A notable phenomenon is what happens to the probability of avoiding a small risk event when the probability is increased. Doubling it. For example, suppose the probability of being involved in an automobile accident on any one trip is 0.0001. In 2000 trips the probability of not being involved in an accident is about 0.82. If the probability of being involved in an accident is doubled to 0.0002, perhaps as a result of driving behavior, the probability not being involved in a accident in 2000 trips falls to 0.67. If the probability of being involved in an accident on one trip were tripled to 0.0003 the probability of avoiding an accident in 2000 trips falls from 0.82 to 0.55. The point is that while probabilities of 0.0001 and 0.0003 seems so small as to be insignificant there are not really zero and there is a lot of difference between 0.0001 and 0.0003.

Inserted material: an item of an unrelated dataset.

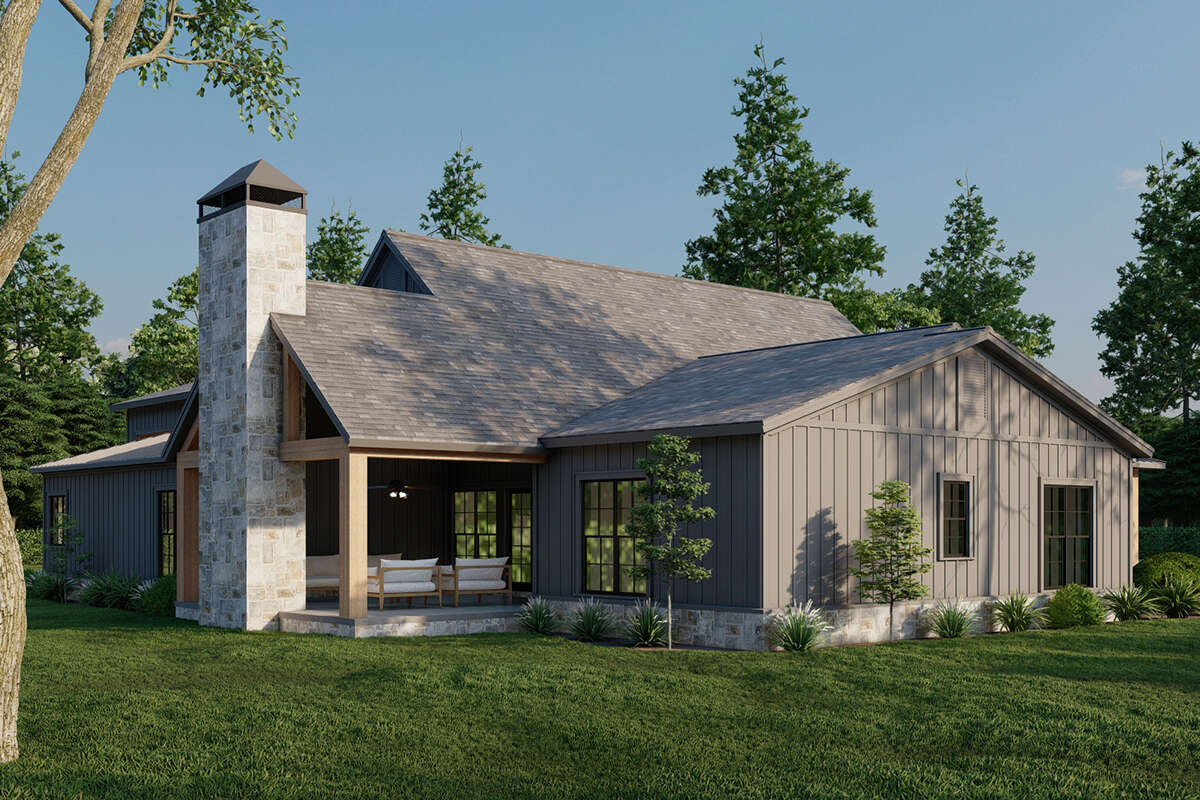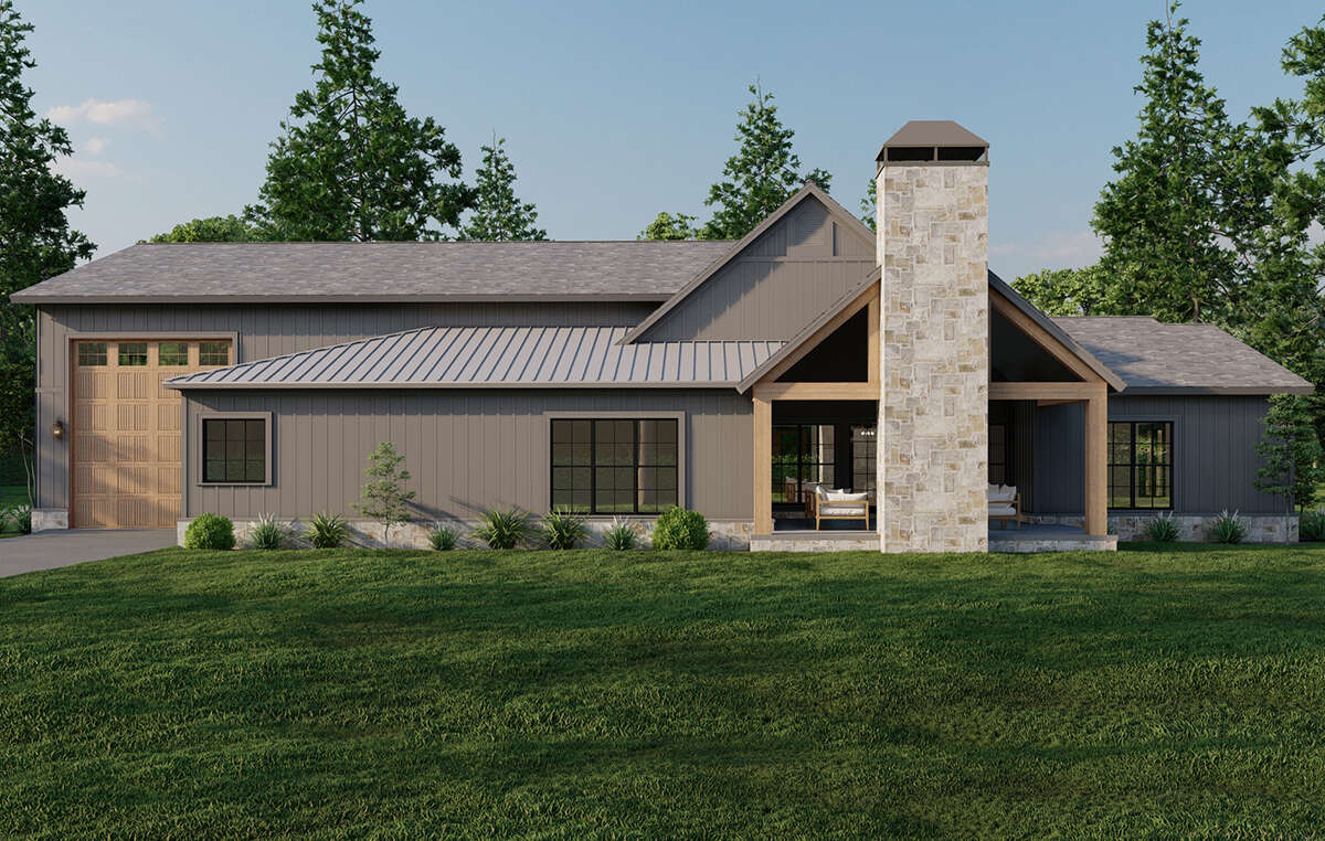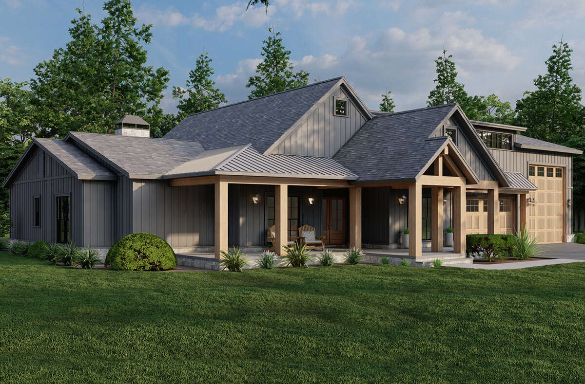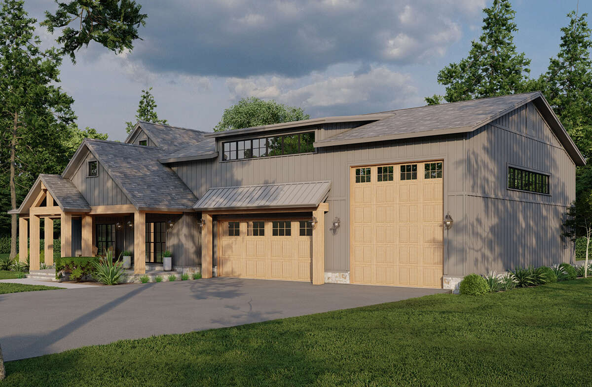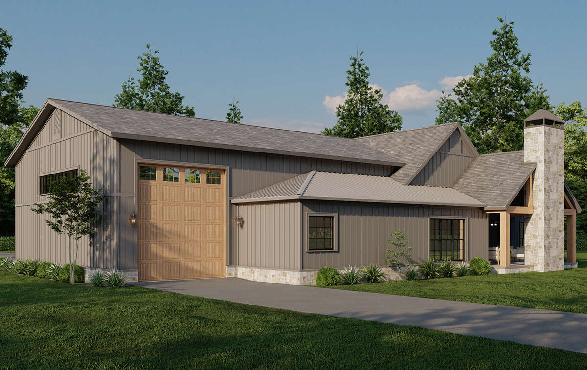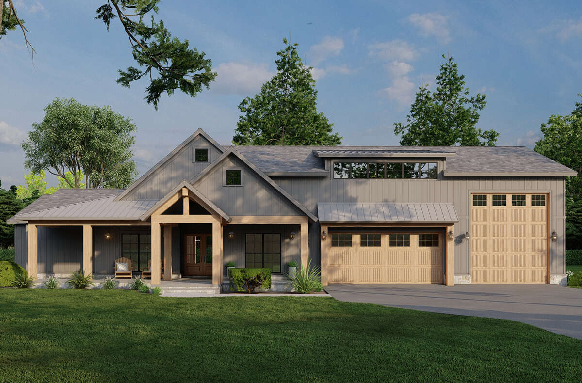 The exterior captures the spirit of a classic barn transformed into a comfortable, stylish home. Clean rooflines and barn-inspired elements give the facade architectural interest without excessive ornamentation. A broad covered front porch invites you to linger and enjoy the surrounding landscape, while expansive openings and well-proportioned gables introduce depth and presence. Thoughtful details such as vertical siding and rustic trim balance modern simplicity with timeless rural character, creating a home that feels both grounded and welcoming.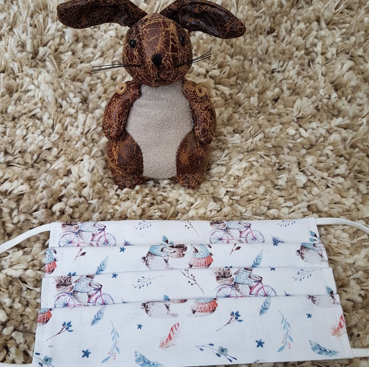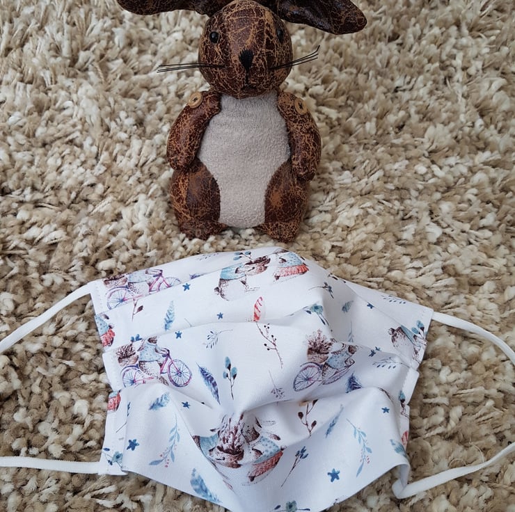 Adult face covering made from a bunnies on bicycles print on ivory cotton. The face mask is made with 2 layers of cotton forming an inner pocket for a filter (not included) and is fastened over the ears with 2 loops of elastic and a toggle adjuster.

Back to the 1,987,406 dates since 1976, Match.com and Kahneman and Tversky’s Prospect Theory.
When you have had 1,987,406 dates, the data set is large enough to know every single potential outcome of the first, the third, the fiftieth, and the hundredth date, by person. I know that in the first 90 days, we will have 3 arguments and 1 fight while having sex 3 times per day….during the second 90 days, we will have 7 arguments and 3 fights while having sex 3 times per day on weekends and once per day on weekends….and that in the third 90 days we will have 129 arguments, 57 fights, while having sex once on the weekend and every other day Monday through Friday. The probabilities and predictability, based on the ultra large data set removes all surprise. Which makes it far easier at an advanced age to skip the dating altogether and stay home.